This guide is written for Phoenix 1.2. However, all necesary changes to work with Phoenix 1.3 will be marked explicitly with "Phoenix 1.3: ...".

V. Postgres Backups Disclaimer

This guide currently doesn't support any kind of backups for the Docker container running your Postgres database. However, it shouldn't be hard to manually do this, or setup a simple shell script/cron job to do this automatically. For more information see this StackOverflow post. I plan on adding this content when I have time to revisit this guide in the future.

VI. Where to Get Help 💁

If you comment here on the Gist, I may see it but GitHub doesn't notify me when someone comments unfortunately. The much better place to ask me questions and get help with this guide is to post on my Elixir Forum thread. I get notifications for those and I check them frequently. Check out the thread if you have a question, it may have been discussed already! Thanks for reading and feel free to reach out to me if you have any questions :)

Guide

1. Add and Configure Distillery

For generating releases, we will be using Distillery, which allows us to package a release of our application into a single tarball.

  1. Add Distillery to your Mix project.
defp deps do
  [{:distillery, "~> 1.5", runtime: false}]
end
  1. Run mix do deps.get, compile to get and compile Distillery.

  2. Run mix release.init to intialize Distillery.

  3. Edit the generated config file in rel/config.exs so that include_erts in the :prod config block is set to false. We do this because we will run the release inside a container which already has Erlang installed, so we do not need to package the Erlang runtime with the release. If you want to run your release in a standard Alpine container instead of one with Erlang installed, you could keep this option set to true.

...

environment :prod do
  set include_erts: false
  ...
end

...

2. Running Migrations and Seeding the Database

In order to be able to run migrations and seed the database from the release generated by Distillery, we will need to make a few modifications as generally outlined by the Running Migrations guide. This section assumes that you have database seeding operations defined in the normal location under priv/repo/. If you don't have these, your database will just be migrated and no seeding will be done. Otherwise, you can strip down the release_tasks.ex file as shown below.

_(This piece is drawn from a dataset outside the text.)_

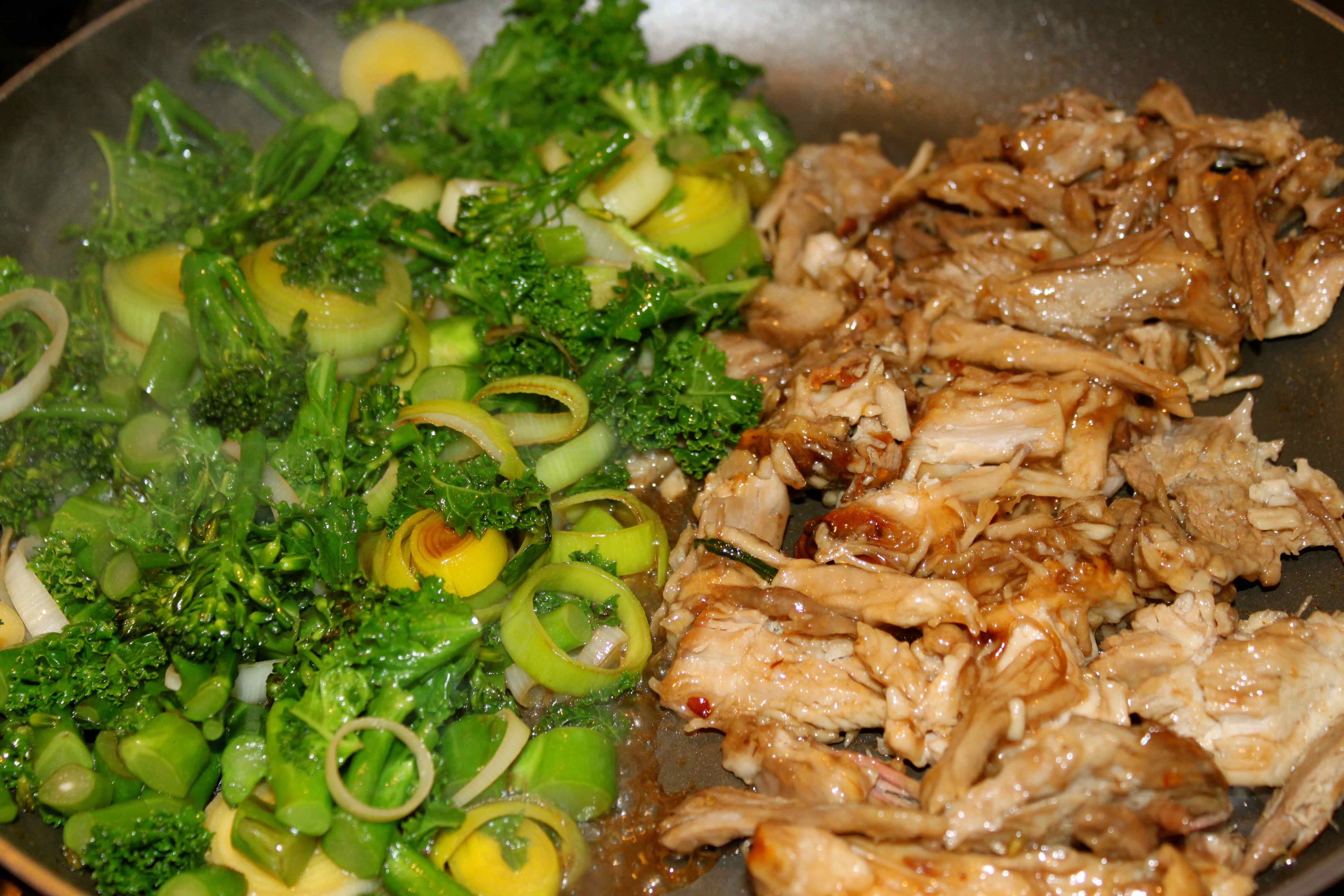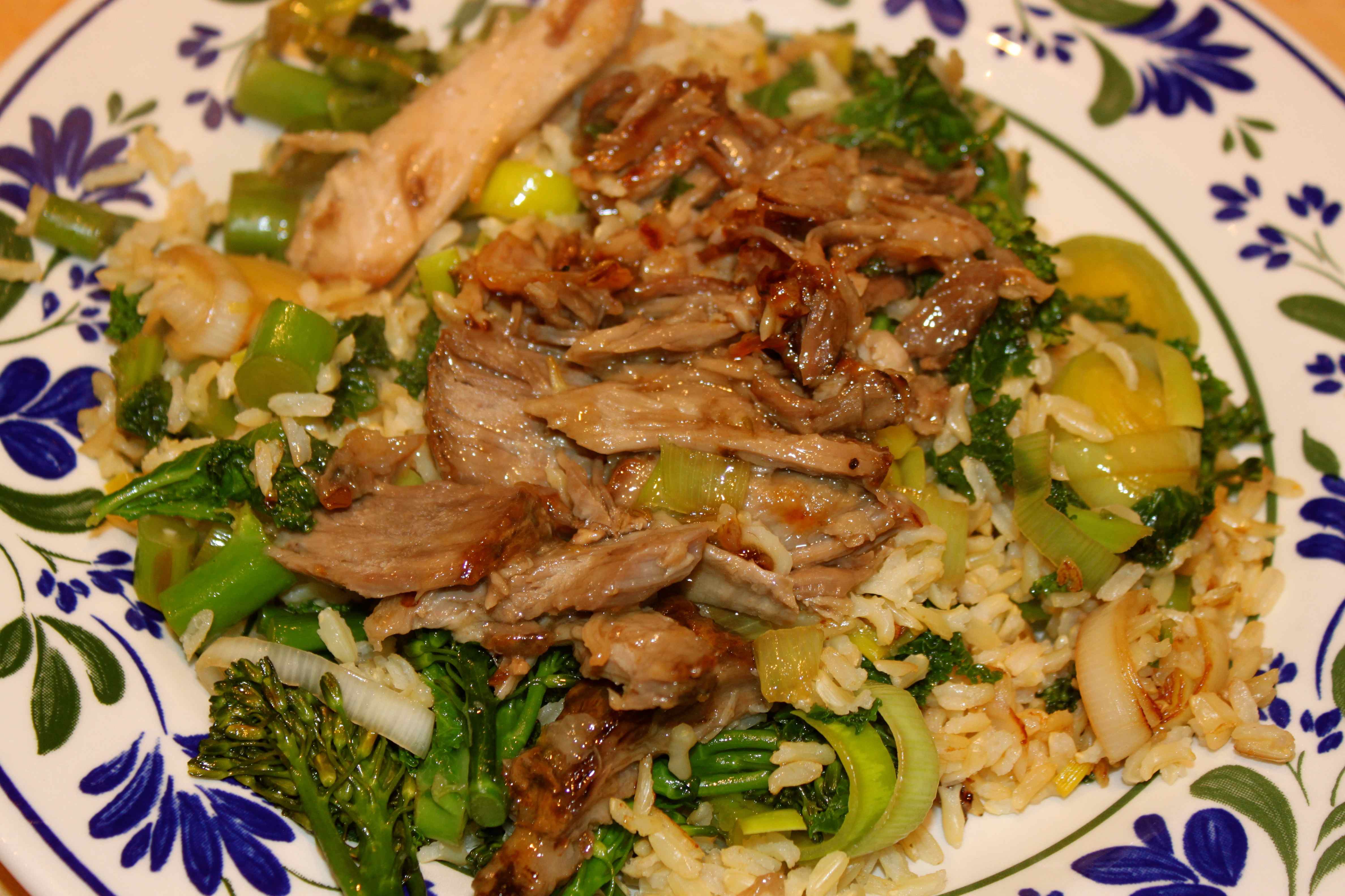Dinner was more leftovers. I am rather fed up with my leftovers, even though they are tasty. I am looking forward to cooking fresh foods again this weekend and I will make smaller quantities. I used up the last of the pork from Sunday and some left over brown rice. I fried tender stem broccoli and a leek with oyster sauce and I warmed the pork up with some plum sauce.

  1. Create a file called release_tasks.ex which will contain the tasks that can be run from the release. You can place this file anywhere in your app's directory structure, but I will place it in lib/myapp. If you are getting errors with the myapp() function as I did when using this file, you should replace Application.get_application(__MODULE__) with your OTP app name which looks like :myapp.

    • Note: if you are seeding your database with certain files, these files must be placed in the priv/ directory of your app to ensure that they are included with the generated release. Otherwise, seeding the database will not work because the files won't exist in the release.
defmodule MyApp.ReleaseTasks do

  @start_apps [
    :crypto,
    :ssl,
    :postgrex,
    :ecto
  ]

  def myapp, do: Application.get_application(__MODULE__)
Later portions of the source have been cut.